Results Review
1Q26 results beat our expectations
The company announced its 1Q26 results: Revenue was about Rmb10.08bn, up 1.9% YoY; attributable net profit was Rmb906mn, up 2.3% YoY and 20.7% QoQ; recurring attributable net profit was Rmb886mn. The results exceeded both our and market expectations, mainly because containerboard price hikes took effect and profit per tonne improved.
Containerboard’s profit per tonne improved QoQ. According to Sci99, as of March 31, containerboard prices rose by about Rmb80/tonne after the Chinese New Year (CNY) holiday. We estimate that net profit per tonne widened by around Rmb100.

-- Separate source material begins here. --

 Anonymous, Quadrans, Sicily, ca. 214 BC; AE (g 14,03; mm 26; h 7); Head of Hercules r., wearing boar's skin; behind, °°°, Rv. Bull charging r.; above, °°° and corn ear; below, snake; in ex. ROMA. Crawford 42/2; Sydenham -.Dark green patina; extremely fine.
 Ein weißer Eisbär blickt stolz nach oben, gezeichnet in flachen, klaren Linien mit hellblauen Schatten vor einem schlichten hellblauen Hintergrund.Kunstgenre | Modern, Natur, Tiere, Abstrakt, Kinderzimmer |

By location: the Shandong base benefited mainly from price hikes; the Guangxi base saw incremental earnings from the Nanning plant (new capacity in 4Q25), with profit per tonne improving significantly (profit per tonne was low during trial production in 4Q25); the Laos base benefited from lower US waste paper costs.
Cultural paper’s profit per tonne remained stable QoQ. In 1Q26, cultural paper faced clear demand and supply pressure, resulting in weak prices. However, Sun Paper actively adjusted product mix and controlled costs. We think that the cultural paper’s profit per tonne stayed stable QoQ.

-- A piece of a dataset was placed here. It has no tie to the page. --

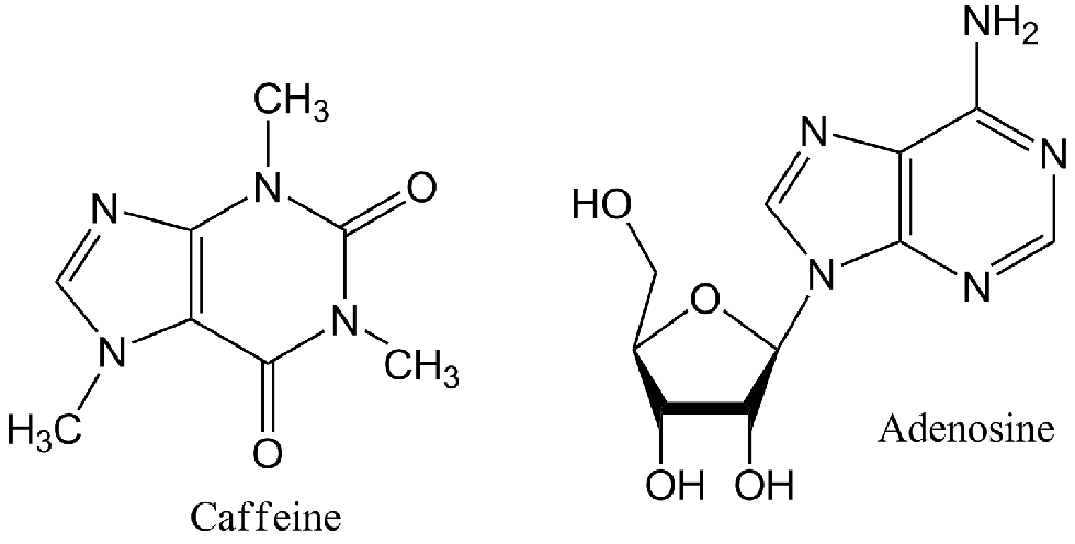 However, a compelling originator for sleep is believed to be adenosine, which builds up in our brains as a byproduct from the use of adenosine triphosphate (ATP, a main energy storage molecule) by our neurons and other other brain cells. As adeonsine builds up in our brains we get drowsy, and surprisingly enough, caffeine has a very similar molecular structure to adenosine (notice the same double ring structures of the molecules in the figure below). So, when caffeine is consumed it binds to the same brain receptors that adenosine would bind and in doing so it tricks our bodies into thinking they're not tired. As caffeine is filtered out of our bodies, adenosine lingers in the shadows in wait to flood the receptors previously occupied by caffeine, inevitably making us tired again. Thankfully, when we sleep, those adenosine molecules gradually get absorbed by our neurons helping us feel refreshed by the time we wake up.

Dissolving pulp’s profit came under pressure. The end demand for dissolving pulp was weak. We think that profit per tonne, output, and sales volume declined QoQ in 1Q26.

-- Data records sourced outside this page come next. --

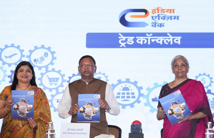 New Delhi: Union Finance Minister Nirmala Sitharaman with Minister of State for Finance Pankaj Chaudhary and India Exim Bank Managing Director Harsha Bangari releases a publication during the India Exim Bank Trade Conclave 2025, in New Delhi, Tuesday, June 24, 2025. (PTI Photo/Kamal Kishore) (PTI06_24_2025_000085B)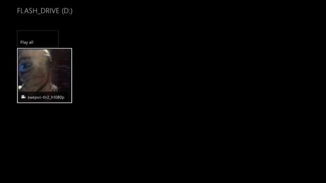 میڈیا پلیئر ایپ کھولیں اور آپ اپنی مربوط ڈرائیو کو بطور آپشن دیکھیں گے۔ ڈرائیو کو منتخب کریں اور آپ اس میں موجود تمام میڈیا فائلوں کو براؤز کرسکتے ہیں اور اپنے ایکس بکس کنٹرولر کے ذریعہ پلے بیک کو کنٹرول کرتے ہوئے ان کو چلا سکتے ہیں۔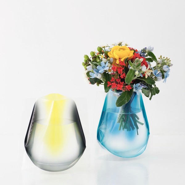 D-BROS公式 FLOWER VASE フラワーベースショートサイズ【グラデーション イエロー&ブルー(0405028)】ビニール製の花瓶

Operating cash flow improved; capex remained high. In 1Q26, net operating cash flow was Rmb819mn, capex totaled Rmb1.77bn, and the debt-to-asset ratio stood at 47.67%.
Trends to watch
Profit per tonne may face pressure in 2Q26. 2Q is the offseason for paper demand. Pulp and paper prices are usually flat in 2Q. White paper products’ profit per tonne may continue to face pressure. For brown paper products, we need to monitor the implementation of the price hike after the May Day holiday. Regarding dissolving pulp, the downstream viscose fiber price rose, pushing up dissolving pulp prices. We expect dissolving pulp’s profit per tonne to improve QoQ in 2Q26.
Output will support steady earnings growth in 2026. The company announced that 70kt/y specialty paper production facilities came online in Shandong in January 2026; 700kt/y of packaging paper and 600kt/y of chemical pulp production facilities plan to start trial production in 3Q26. In addition, new capacity in Guangxi ramped up to full capacity at the end of 2025.
We expect the company’s paper production and sales volume to increase more than 15% YoY in 2026, supporting its earnings growth in 2026. Looking ahead, we believe the firm’s presence in Laos will gradually enter a harvest period over the next few years, which is core to sustainably increasing the company’s cost advantage and raising its valuation.
Financials and valuation
We keep our 2026 and 2027 earnings forecasts unchanged. The stock is trading at 11.6x 2026e and 10.8x 2027e P/E. We maintain an OUTPERFORM rating and our target price of Rmb18, implying 14.5x 2026e and 13.5x 2027e P/E, offering 25% upside.
Risks
Weaker-than-expected demand; higher-than-expected new production capacity; construction progress in Laos below expectations.